Extracted information -
————————
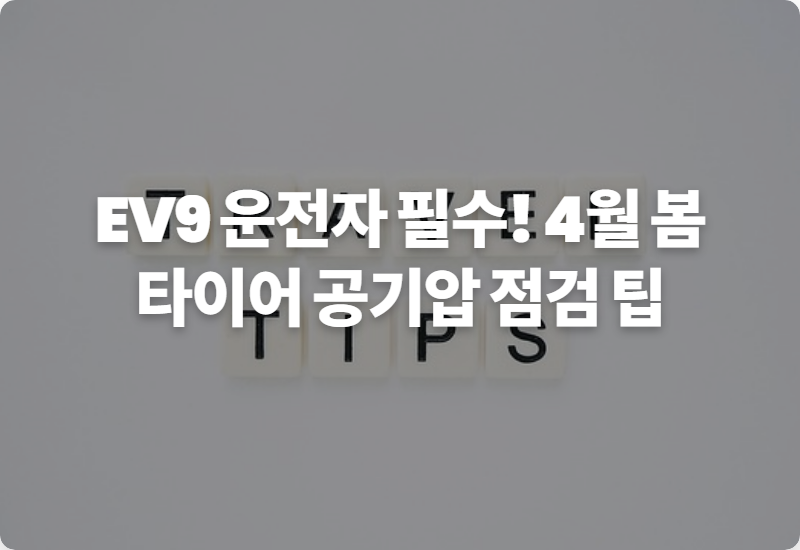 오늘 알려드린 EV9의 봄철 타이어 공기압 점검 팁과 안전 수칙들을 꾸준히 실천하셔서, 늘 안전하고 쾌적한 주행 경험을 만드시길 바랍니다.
————————
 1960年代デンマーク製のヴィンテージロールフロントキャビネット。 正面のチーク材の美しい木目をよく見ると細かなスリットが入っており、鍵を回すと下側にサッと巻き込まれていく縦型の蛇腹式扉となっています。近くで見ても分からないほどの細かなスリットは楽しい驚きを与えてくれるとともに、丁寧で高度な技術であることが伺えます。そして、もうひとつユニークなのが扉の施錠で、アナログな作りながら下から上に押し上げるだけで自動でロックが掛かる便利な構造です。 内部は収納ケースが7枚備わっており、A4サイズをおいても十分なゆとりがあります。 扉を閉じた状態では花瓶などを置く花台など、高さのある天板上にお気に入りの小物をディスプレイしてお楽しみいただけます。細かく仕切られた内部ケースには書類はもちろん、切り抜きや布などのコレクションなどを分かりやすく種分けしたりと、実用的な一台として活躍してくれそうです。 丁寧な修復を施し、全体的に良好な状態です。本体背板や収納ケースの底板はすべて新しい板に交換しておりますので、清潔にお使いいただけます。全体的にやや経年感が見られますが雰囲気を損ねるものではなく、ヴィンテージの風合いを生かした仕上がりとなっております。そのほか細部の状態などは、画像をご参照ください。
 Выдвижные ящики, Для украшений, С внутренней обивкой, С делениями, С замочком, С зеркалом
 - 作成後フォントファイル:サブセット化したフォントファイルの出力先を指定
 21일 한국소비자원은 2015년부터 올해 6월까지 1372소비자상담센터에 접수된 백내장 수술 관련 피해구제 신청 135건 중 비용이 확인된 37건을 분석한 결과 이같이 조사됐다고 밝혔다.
————————
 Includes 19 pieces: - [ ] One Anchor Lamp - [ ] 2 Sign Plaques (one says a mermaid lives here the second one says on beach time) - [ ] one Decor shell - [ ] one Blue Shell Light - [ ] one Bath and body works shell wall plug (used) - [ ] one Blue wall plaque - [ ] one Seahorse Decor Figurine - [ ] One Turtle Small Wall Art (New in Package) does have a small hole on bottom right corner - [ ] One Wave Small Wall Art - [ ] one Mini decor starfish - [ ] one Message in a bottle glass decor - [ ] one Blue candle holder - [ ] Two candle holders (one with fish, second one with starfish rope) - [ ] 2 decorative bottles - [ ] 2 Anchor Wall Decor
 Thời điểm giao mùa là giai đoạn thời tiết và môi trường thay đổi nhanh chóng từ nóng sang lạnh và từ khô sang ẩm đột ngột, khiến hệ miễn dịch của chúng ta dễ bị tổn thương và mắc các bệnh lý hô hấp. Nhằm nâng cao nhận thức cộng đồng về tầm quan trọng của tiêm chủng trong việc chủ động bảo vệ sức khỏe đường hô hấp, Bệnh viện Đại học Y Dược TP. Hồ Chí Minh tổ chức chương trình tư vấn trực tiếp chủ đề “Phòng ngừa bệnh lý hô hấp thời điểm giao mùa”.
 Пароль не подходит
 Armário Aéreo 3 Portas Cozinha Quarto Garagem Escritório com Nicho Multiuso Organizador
————————
Assigned task - From the material above, set down exactly the lines between the line holding "Пароль не подходит" and the line holding "Armário Aéreo 3", inclusive. Include nothing else.

Solution to this task -
 Пароль не подходит
 Armário Aéreo 3 Portas Cozinha Quarto Garagem Escritório com Nicho Multiuso Organizador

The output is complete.